Kihara Laika
TOKYO (Reuters) – Japan's government on Friday cut its growth forecast for this year as a weaker yen raises import costs, hurts consumption and highlights the fragility of the economic recovery.
But it expects growth to accelerate next year on strong capital spending and consumption, and maintains its view that the economy will sustain a domestic demand-led recovery.
However, some members of the government's top economic council expressed concern about recent weakness in consumption and the pain the yen's depreciation is causing to households.
“We cannot ignore the impact of a weak yen and rising prices on household purchasing power,” the committee's private-sector members said at a meeting on Friday to discuss the new growth forecasts.
“The government and the Bank of Japan must pay close attention to the recent yen depreciation to guide policy,” they said.
According to Kyodo News, Japanese Prime Minister Fumio Kishida said at the meeting that the government must be wary of the economic impact of rising prices caused by a weak yen.
The government releases economic growth forecasts in January and then revise them around July.
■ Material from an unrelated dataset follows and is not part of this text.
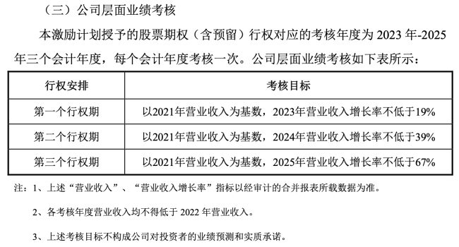 根据股权激励计划的考核目标,三个行权期为“以2021年营业收入为基数,2023、2024、2025年营业收入增长率将分别不低于19%、39%和67%。”

They are the basis for preparing the national budget.
In the revised forecast, the government lowered its economic growth forecast for the current fiscal year to March 2025 to 0.9% from 1.3% in January.
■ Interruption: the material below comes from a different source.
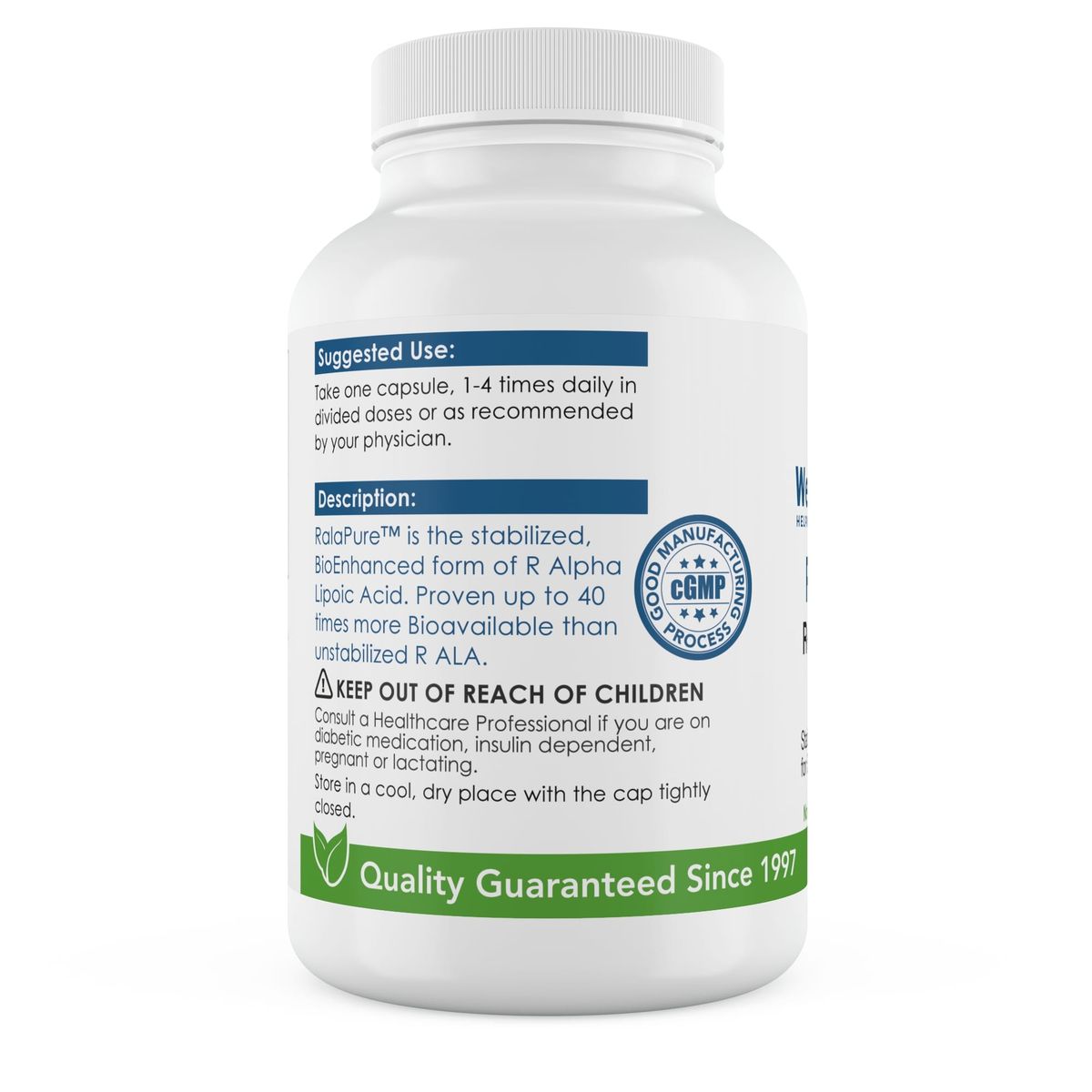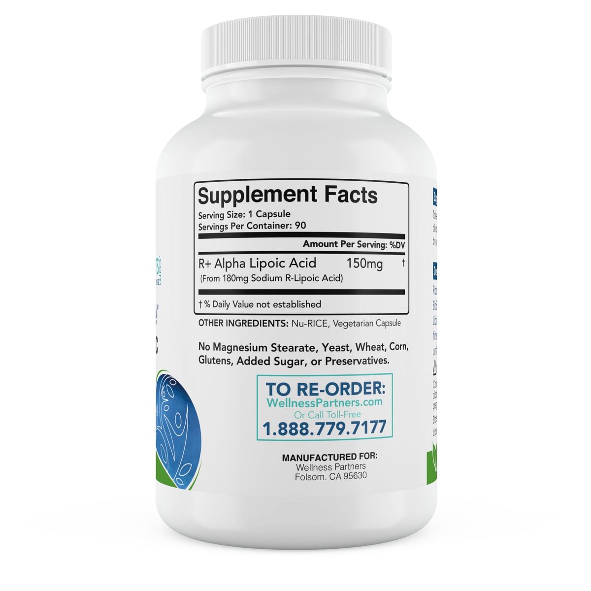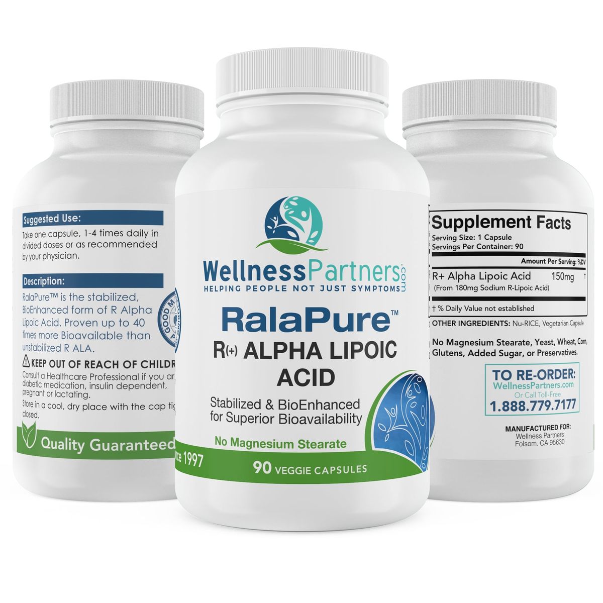If you buy another brand and it doesn't state "R+ Alpha Lipoic Acid (R-ALA)," it's not the natural form your body requires. RalaPure R+ Alpha Lipoic Acid (R-ALA) is the antioxidant you desire. We only stock R+ Alpha Lipoic Acid (R-ALA), so you know you're getting the real deal when you order from WellnessPartners.com™. Plus, our product is free of artificial colors, artificial sweeteners, artificial flavors, wheat, gluten, maize, yeast, soy, eggs, and dairy products.

The new forecast is higher than the 0.4% growth forecast by the private sector, reflecting the government's hope that wider wage increases, tax cuts and an extension of fuel subsidies will boost consumer spending.
Estimates show the government expects the economy to grow 1.2% in fiscal 2025.
While a weak yen has boosted exporters, it has become a concern for policymakers as it raises the cost of fuel and food imports, hurting consumption.
The government has intervened several times this month to slow the yen's decline, shifting market attention to whether the Bank of Japan will raise interest rates at its two-day policy meeting ending on July 31.
The Bank of Japan is also likely to cut its growth forecast for the current fiscal year at the meeting, sources told Reuters, reflecting a rare unexpected downward revision to historical gross domestic product (GDP) data. Growth is currently expected to be 0.8% this fiscal year.